CO−0.40−0.22

Observation data: J2000 epoch
- Right ascension: 17^{h} 45.5^{m}
- Declination: −29° 24′
- Distance: 27000 ly (8300 pc)
- Constellation: Sagittarius

= CO−0.40−0.22 =

Molecular cloud

CO−0.40−0.22 is a high velocity compact gas cloud near the centre of the Milky Way. It is 200 light years away from the centre in the central molecular zone. The cloud is in the shape of ellipse. The differences in the velocity, termed velocity dispersion, of the gas is unusually high at 100 km/s.

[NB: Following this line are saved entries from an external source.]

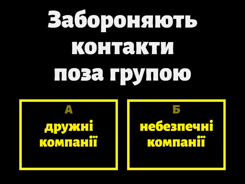 1) Компанії бувають a) спільні b) дружні c) небезпечні d) нетривалі 2) Приймають вас такими, які ви є a) дружні компанії b) небезпечні компанії 3) Забороняють контакти поза групою a) дружні компанії b) небезпечні компанії 4) Команда - це a) група людей, яка має спільні теми для обговорення b) група людей, яка працює для досягнення спільної мети c) група людей, яка разом проводить вільний час 5) Щоб робота в команді була ефективною a) її учасники мають допомагати один одному b) необов язково дослухатись до думки інших c) ставити запитання d) вільно висловлювати думки e) варто завжди погоджуватись з думкою інших f) пропонувати ідеї 6) У дружньому класі a) можна не говорити "дякую" b) сваряться c) не говорять по черзі d) грубіянять e) не дражняться f) можна не ділитися 7) Робота в команді - це a) можливість "командувати" людьми b) творча атмосфера для цікавих ідей c) необов язкове внесення своїх ідей d) розвиток згуртованості, дружніх стосунків 8) Продовжіть речення: "Скажи мені, хто твій друг, і я скажу, ..." a) хто твій сусід b) хто ти c) хто твій ворог d) який він
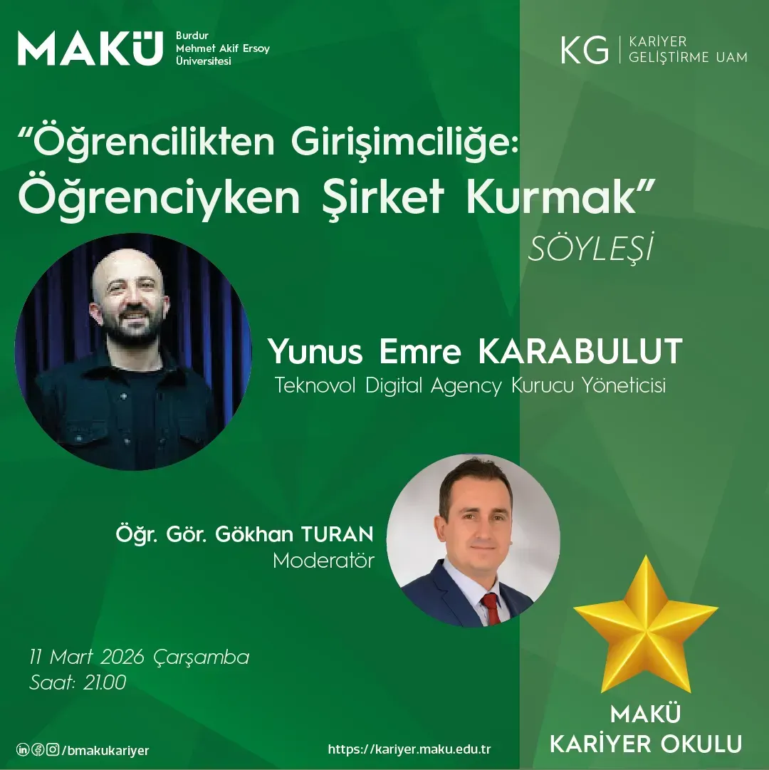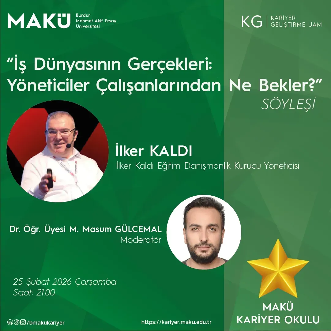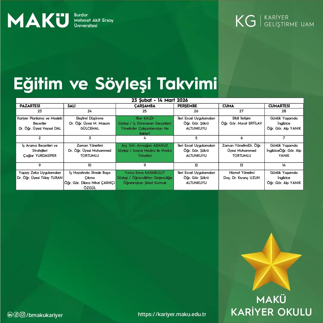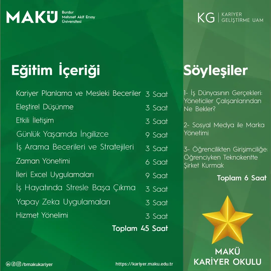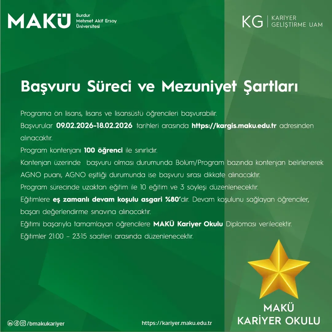 Yeteneklerinizi geliştirmek, kariyer hedeflerinize emin adımlarla ilerlemek ve geleceğin en kritik mesleki becerilerini kazanmak için MAKÜ Kariyer Okulu (ÇEVRİMİÇİ) kapsamında yeni eğitim programlarımızla sizleri bekliyoruz!
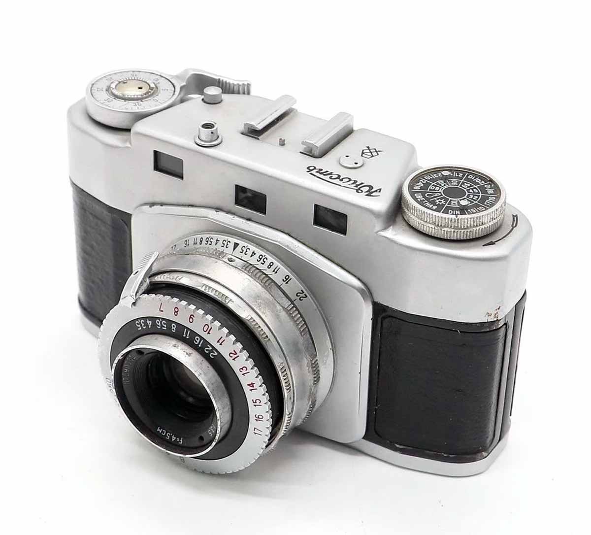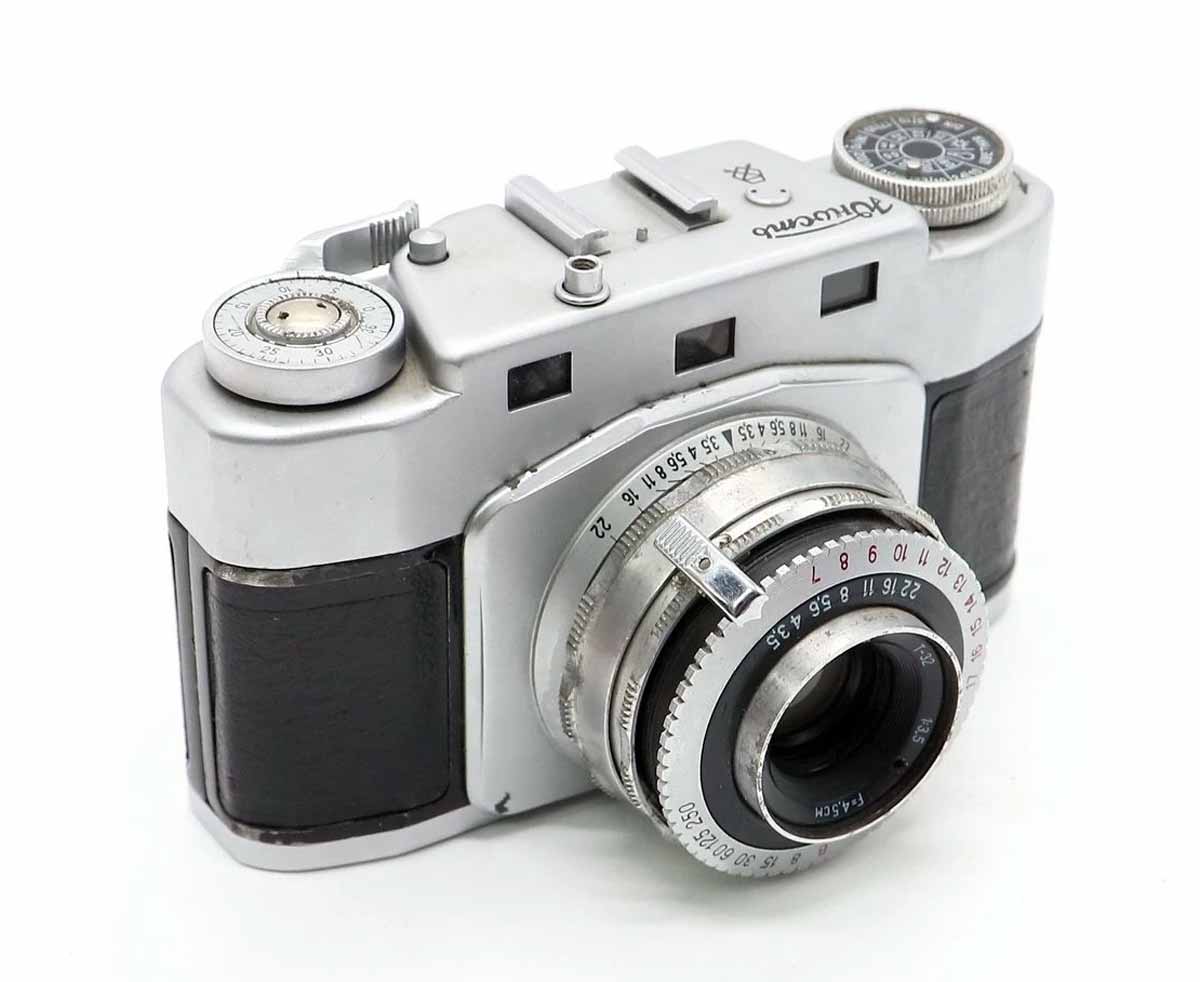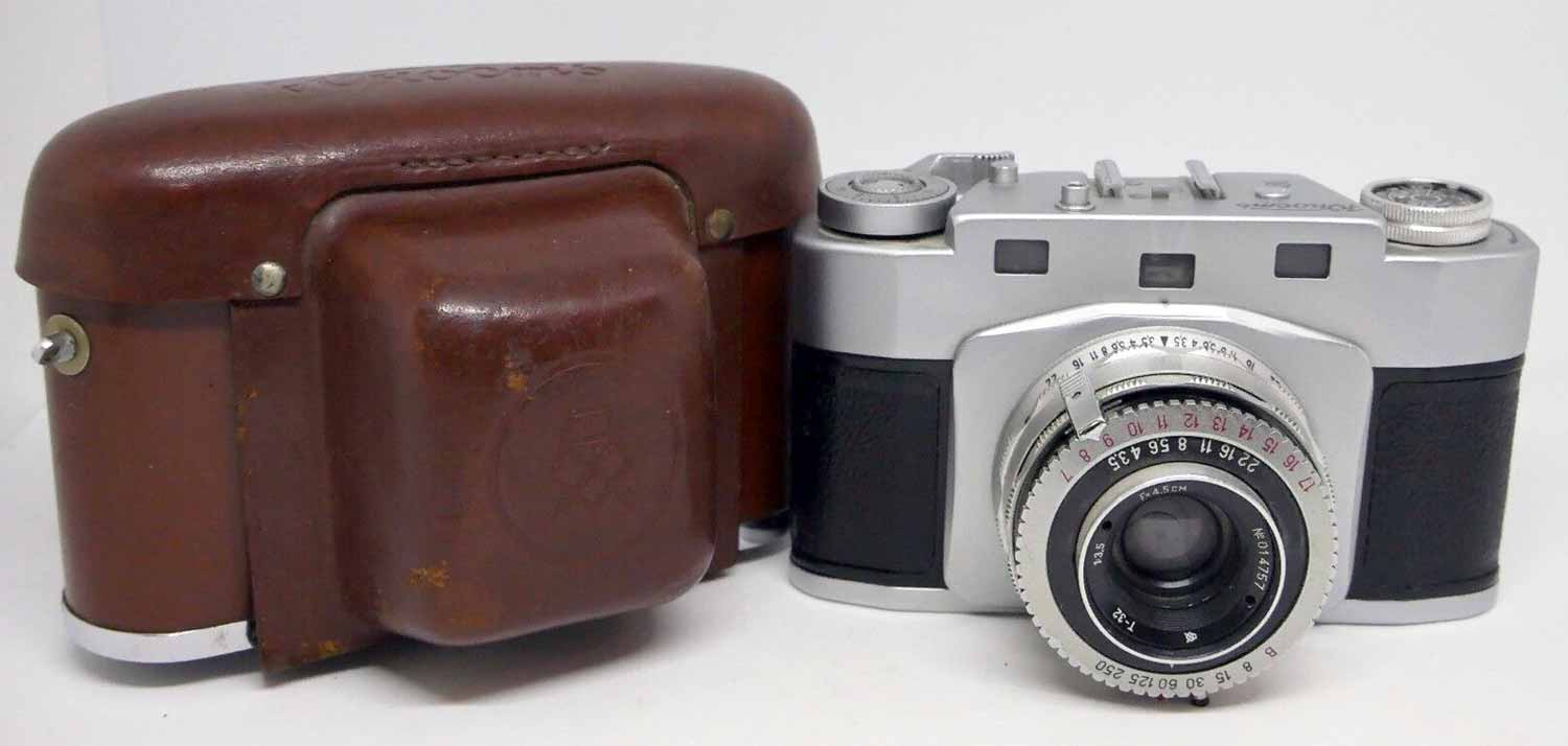 с дальномером. Фотоаппарат снабжён двумя кассетами, рассчитанными для пленки

The velocity dispersion was once thought to be due to an intermediate-mass black hole (IMBH) with a mass of about 100,000 solar masses. However, observations with the Atacama Large Millimeter/submillimeter Array suggested the evidence for a cloud-cloud collision.
Subsequent theoretical studies of the gas cloud and nearby IMBH candidates have re-opened the possibility, though no observational evidence for existence of an IMBH has been reported.

The molecular cloud has a mass of 4,000 solar masses. It is located at −0.40°, −0.22° galactic longitude and latitude. The cloud is 0.2° away from Sgr C to the galactic southeast. The gas is moving away from Earth at speeds ranging from 20 to 120 km/s. The spectral lines of carbon monoxide reveal that the gas is dense, and warm and fairly opaque.

The gas cloud includes carbon monoxide and hydrogen cyanide molecules. Other molecules detected via microwave spectroscopy include cyanoacetylene, cyclopropenylidene, methanol, silicon monoxide, sulfur monoxide, carbon monosulfide, Thioformaldehyde, Hydrogen isocyanide, Formamide, and ions H_{2}N^{+} and HCO^{+}.

The name followed the precedent set by CO−0.02−0.02, which is another high velocity compact cloud in the central molecular zone. Another example of this naming convention is CO−0.30−0.07.